Defendant asserts that the use of the word “drove” was improper in this case because the evidence was that if the defendant was on the wrong side of the road at all, he skidded there and did not “drive” there. He cites McIntyre v. Whited, 440 S.W.2d 449 (Mo.1969), and Strickland v. Barker, 436 S.W.2d 37 (Mo.1969), as support for his position. Defendant overlooks, however, the fact that this view was expressly overruled by Friederich v. Chamberlain, 458 S.W.2d 360, 366 (Mo. banc 1970), which points out that “drove” may be an apt characterization of a skid situation.

When Friederich was decided, however, MAI 17.13 specified that “Defendant drove on the wrong side of the road” was the proper submission. This was revised in 1973 to read “Defendant was on the wrong side of the road at the time of collision,” but the “at the time of collision” language was found to cause difficulty under some circumstances. See Pittock v. Gardner, 530 S.W.2d 217 (Mo. banc 1975); McCroskey v. Marshall, 519 S.W.2d 717 (Mo.App.1975). Then in 1977, MAI 17.13 was again revised to its present form: “Defendant was on the wrong side of the road.” The Notes on Use following MAI 17.13 (1977 revision) state inter alia:

This instruction is applicable both where the collision occurs on the wrong side of the road and where the collision occurs with the defendant on the correct side of the road but is caused by the defendant having driven on the wrong side of the road. This is the applicable instruction in both skidding and non-skidding cases.
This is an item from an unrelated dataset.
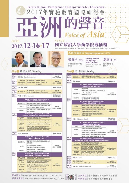 主旨:轉知國立政治大學辦理之「實驗教育國際研討會」議程及報名資訊等,請轉知相關人員踴躍參加,請查照。

Furthermore, the Committee’s Comment regarding the 1977 revision to MAI 17.13 notes that, “skidding is a circumstance which the jury can consider in connection with all other facts and circumstances in deciding whether defendant was negligent.”

It appears, therefore, that “Defendant was on the wrong side of the road” was the instruction called for in this situation by the MAI and Rule 70.02(b) to the exclusion of any other instruction on the same subject.1 Rule 70.02(c) provides that when an applicable MAI instruction is not used, failure to do so constitutes error, “its prejudi[750]*750cial effect to be judicially determined.” We find no prejudicial error.2

A test for judicially determining the prejudicial effect of a deviant MAI instruction, which is not otherwise unfavorable to the opposing party, is whether it places a greater burden on the party submitting it than would the conforming MAI instruction. Wagoner v. Hurt, 554 S.W.2d 587, 590 (Mo.App.1977); Curators of University Missouri ex rel. Shell-Con, Inc. v. Nebraska Prestressed Concrete Co., 526 S.W.2d 903 (Mo.App.1975). Here a reasonable jury would likely demand more evidence to find that defendant “drove” in the wrong lane than to conclude merely that defendant “was” in the wrong lane. It remains, however, that the jury must determine, regardless of whether the instruction is “drove” or “was”, that the defendant’s negligence was what caused him to be on the wrong side of the road. Our impression, and the Comments and Notes on Use previously mentioned support our view, is that the revision of MAI 17.13 was made to permit the use of one common instruction in wrong side of the road eases, furthering the MAI goal of standardizing jury instructions. The crucial determination for the jury is whether the defendant was negligent.